VOC achieved military success in addition to economic esteem. From 1619, Batavia developed into a naval-military, as well as commercial, powerhouse under Dutch occupation, passing tests of formidability by rendering two attempted sieges of the port by Sultan Agung in 1628/9 failures due to apparently infinite supplies and, due to sufficiently comprehensive control of the region by VOC, hindsight as the sultan’s military stores at Tegal were discovered and destroyed by the Company. Nevertheless, it has been argued that Dutch art from the 17th century depicting adventures at sea is far more impacting than that depicting any battles, so it may be appropriate to note that military success was a means to the end of dominance of the seas, a trait the Dutch seem to have preferred, and thus war had only instrumental value for security to allow the economics discussed above to flourish.

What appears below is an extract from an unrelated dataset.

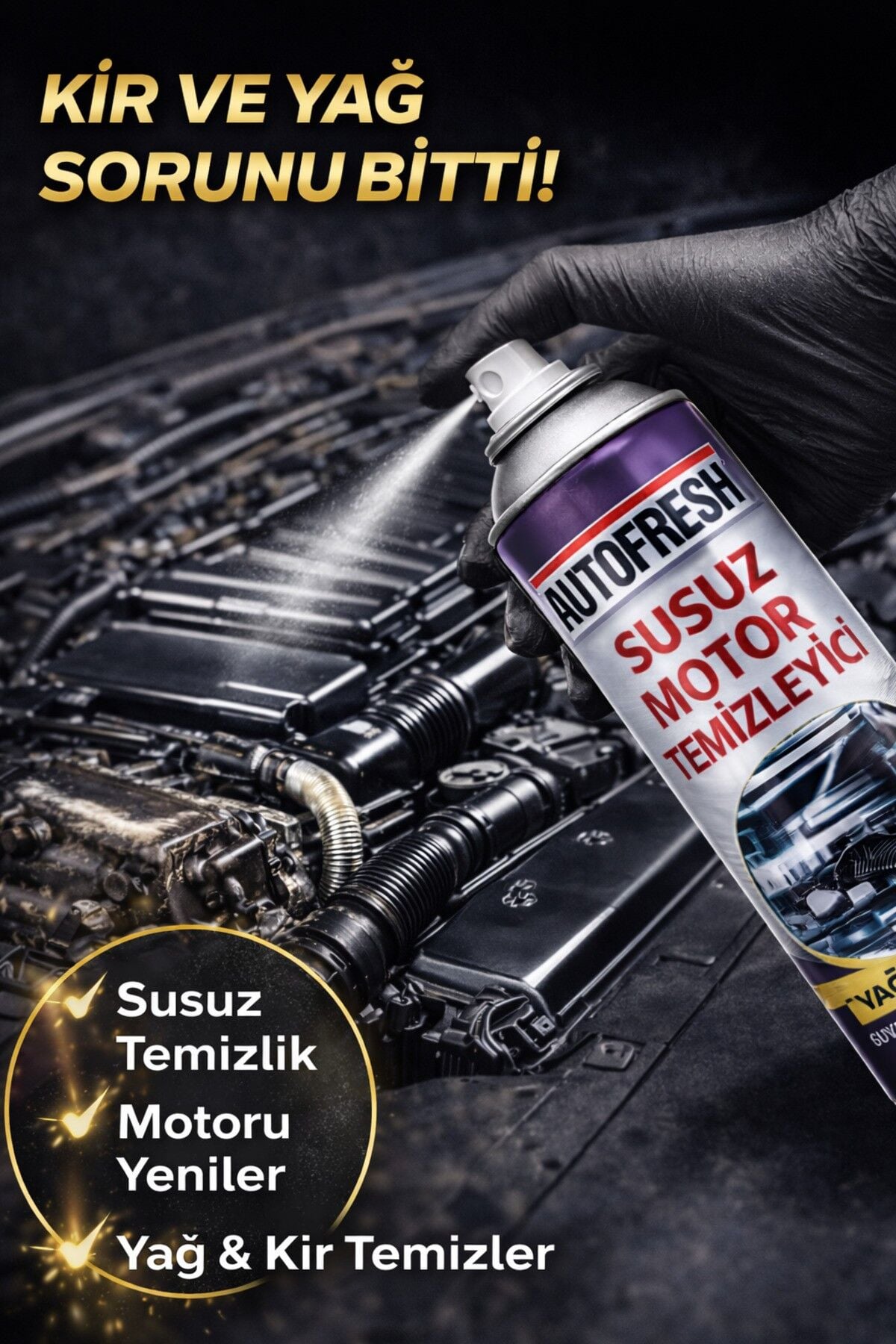Susuz Motor Temizleyici Sprey 500 ml – Yağ & Gres Çözücü, Parlatıcı Etkili Motor Temizliği

Indeed, in 1629, the Dutch enjoyed strategic primacy as Frederik Hendrik won ‘s-Hertogenbosch from Spain, removing the Spanish threat, and giving lustre to the mercenaries. The relatively peaceful conditions after 1629 had the Athenaeum of Amsterdam become an ‘Illustrious School’ that played an integral part in the cultural development of the Republic by preparing boys for university, and by the 1640s, Leiden had the largest protestant university in the world, and was prestigious for including figures such as Descartes and the most famous poets of the day, a training ground for culture. The University of Leyden was founded on Calvinist principles of free truth-seeking and national unity, so much so that Dutch universities tended to move from orthodoxy through the century to learning in general, with national unity scored in their all being platforms for debate on Cartesian philosophy. This is why historian Johann Huizinga argued that the Reformed Church played a role of form, rather than substance on the new culture. More, up to 50% of the student population was foreign-born in the first half of the 17th century. This is a mark of the Republic's tolerance, with only its own universities having an international outlook in Europe at this time, and testament to the argument that it was its intrinsic properties which were owed for its success.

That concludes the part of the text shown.